**Exercise data:**
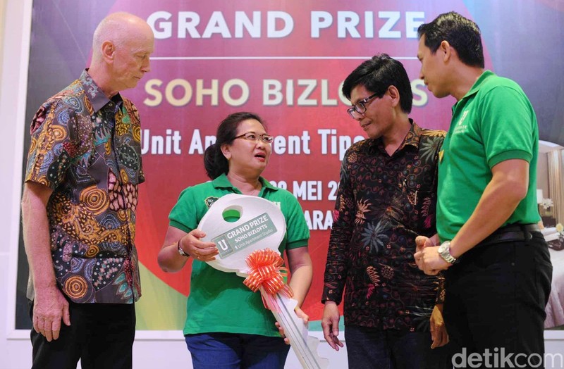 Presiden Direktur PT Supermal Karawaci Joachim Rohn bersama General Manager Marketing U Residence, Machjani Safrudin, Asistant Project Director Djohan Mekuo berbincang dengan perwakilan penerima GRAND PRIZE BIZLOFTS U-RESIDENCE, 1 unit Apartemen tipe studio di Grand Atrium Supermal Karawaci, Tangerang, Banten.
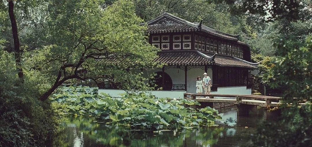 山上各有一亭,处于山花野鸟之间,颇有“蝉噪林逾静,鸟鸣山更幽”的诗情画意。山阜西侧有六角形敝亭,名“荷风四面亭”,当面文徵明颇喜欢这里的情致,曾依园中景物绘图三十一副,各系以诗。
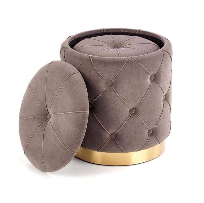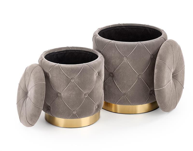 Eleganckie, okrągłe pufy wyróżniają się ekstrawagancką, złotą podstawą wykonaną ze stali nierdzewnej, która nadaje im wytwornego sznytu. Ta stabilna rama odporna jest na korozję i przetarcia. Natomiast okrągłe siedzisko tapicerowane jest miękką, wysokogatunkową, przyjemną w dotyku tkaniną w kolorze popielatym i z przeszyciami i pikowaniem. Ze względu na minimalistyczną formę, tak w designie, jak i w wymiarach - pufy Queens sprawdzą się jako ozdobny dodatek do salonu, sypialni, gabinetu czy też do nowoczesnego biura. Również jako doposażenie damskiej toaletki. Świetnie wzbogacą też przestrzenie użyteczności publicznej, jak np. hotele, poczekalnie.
--
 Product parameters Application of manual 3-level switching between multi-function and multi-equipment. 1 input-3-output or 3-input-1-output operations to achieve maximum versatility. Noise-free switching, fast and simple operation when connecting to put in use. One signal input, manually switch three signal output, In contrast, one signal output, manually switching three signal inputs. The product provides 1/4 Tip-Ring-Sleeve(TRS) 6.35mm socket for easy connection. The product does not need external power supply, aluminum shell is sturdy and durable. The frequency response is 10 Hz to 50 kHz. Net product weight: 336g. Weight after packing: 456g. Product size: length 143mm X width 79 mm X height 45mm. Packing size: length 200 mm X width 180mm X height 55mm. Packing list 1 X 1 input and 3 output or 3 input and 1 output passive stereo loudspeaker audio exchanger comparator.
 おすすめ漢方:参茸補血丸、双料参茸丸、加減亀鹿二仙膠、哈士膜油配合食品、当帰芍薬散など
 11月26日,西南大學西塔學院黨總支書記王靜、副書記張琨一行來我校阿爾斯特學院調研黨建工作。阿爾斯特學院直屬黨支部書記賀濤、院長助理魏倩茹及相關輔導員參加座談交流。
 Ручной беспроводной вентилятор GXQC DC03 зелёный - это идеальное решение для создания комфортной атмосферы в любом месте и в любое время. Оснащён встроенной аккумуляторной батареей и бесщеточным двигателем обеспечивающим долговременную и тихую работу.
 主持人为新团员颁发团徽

**Action item:**
Your answer should consist only of the lines above between the line holding "おすすめ漢方:参茸補血丸、双" and the line holding "主持人为新团员颁发团徽", inclusive, each transcribed exactly.

**Response for this exercise:**
 おすすめ漢方:参茸補血丸、双料参茸丸、加減亀鹿二仙膠、哈士膜油配合食品、当帰芍薬散など
 11月26日,西南大學西塔學院黨總支書記王靜、副書記張琨一行來我校阿爾斯特學院調研黨建工作。阿爾斯特學院直屬黨支部書記賀濤、院長助理魏倩茹及相關輔導員參加座談交流。
 Ручной беспроводной вентилятор GXQC DC03 зелёный - это идеальное решение для создания комфортной атмосферы в любом месте и в любое время. Оснащён встроенной аккумуляторной батареей и бесщеточным двигателем обеспечивающим долговременную и тихую работу.
 主持人为新团员颁发团徽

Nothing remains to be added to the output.